EXERCISE MATERIAL section start

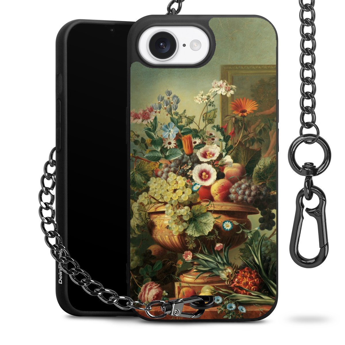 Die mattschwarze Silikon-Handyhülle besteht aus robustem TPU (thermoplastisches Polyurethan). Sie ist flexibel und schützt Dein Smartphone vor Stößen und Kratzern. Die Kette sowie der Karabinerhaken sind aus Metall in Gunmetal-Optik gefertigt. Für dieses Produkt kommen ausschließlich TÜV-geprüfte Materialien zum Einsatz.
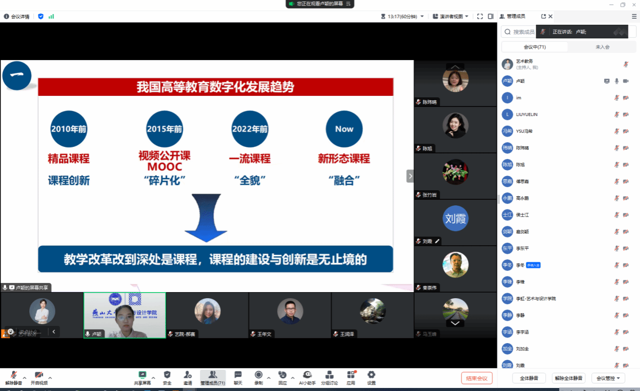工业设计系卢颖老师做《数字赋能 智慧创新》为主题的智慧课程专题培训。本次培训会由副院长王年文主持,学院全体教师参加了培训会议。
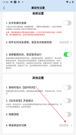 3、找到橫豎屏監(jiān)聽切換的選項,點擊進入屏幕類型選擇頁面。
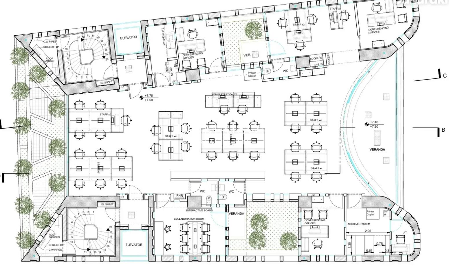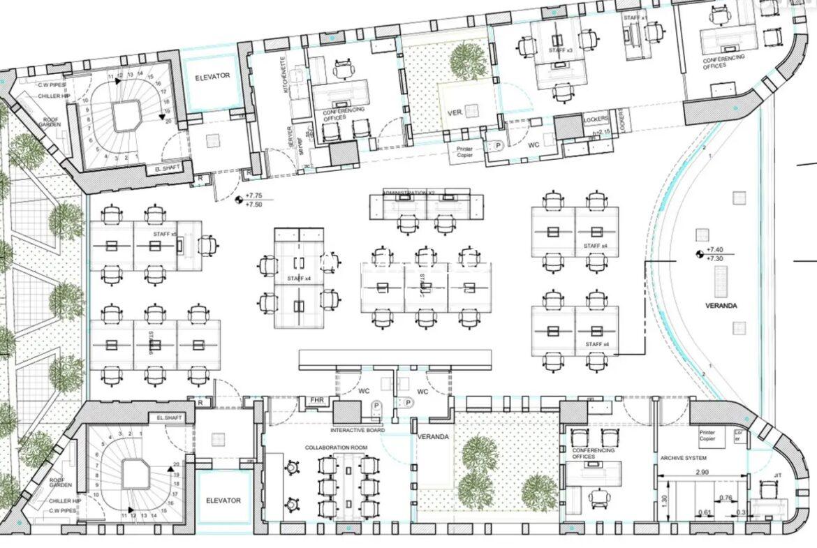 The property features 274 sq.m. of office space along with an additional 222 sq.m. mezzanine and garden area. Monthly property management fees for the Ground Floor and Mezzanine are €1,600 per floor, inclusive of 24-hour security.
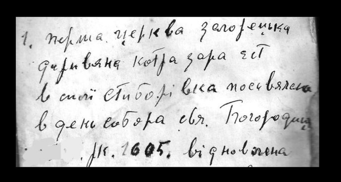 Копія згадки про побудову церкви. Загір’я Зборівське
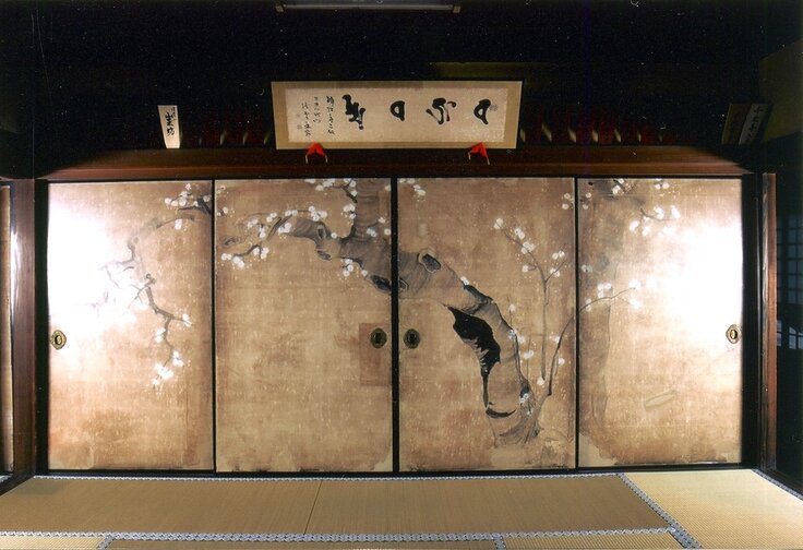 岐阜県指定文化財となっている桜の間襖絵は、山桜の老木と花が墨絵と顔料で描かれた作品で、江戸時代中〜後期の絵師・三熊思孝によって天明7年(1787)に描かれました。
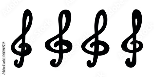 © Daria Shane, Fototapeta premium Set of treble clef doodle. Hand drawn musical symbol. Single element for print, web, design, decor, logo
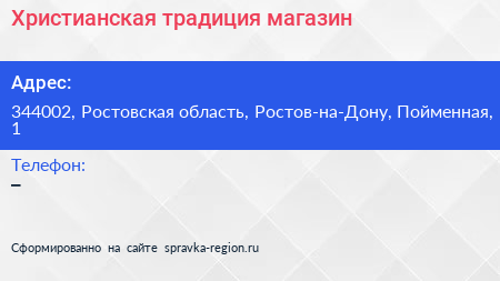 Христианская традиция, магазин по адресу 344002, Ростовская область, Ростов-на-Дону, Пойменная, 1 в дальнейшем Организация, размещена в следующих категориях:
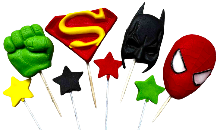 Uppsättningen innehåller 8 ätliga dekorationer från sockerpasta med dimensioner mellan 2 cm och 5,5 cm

EXERCISE MATERIAL section end
EXERCISE MATERIAL section start

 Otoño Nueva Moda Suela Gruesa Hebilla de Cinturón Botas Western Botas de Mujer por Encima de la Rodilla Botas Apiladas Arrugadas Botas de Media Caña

EXERCISE MATERIAL section end

ABOUT THIS EXERCISE: Your answer should consist of the lines above between those holding "Христианская традиция, магазин" and "Uppsättningen innehåller 8", inclusive, reproduced word for word and without pictures.

ANSWER SECTION:
 Христианская традиция, магазин по адресу 344002, Ростовская область, Ростов-на-Дону, Пойменная, 1 в дальнейшем Организация, размещена в следующих категориях:
 Uppsättningen innehåller 8 ätliga dekorationer från sockerpasta med dimensioner mellan 2 cm och 5,5 cm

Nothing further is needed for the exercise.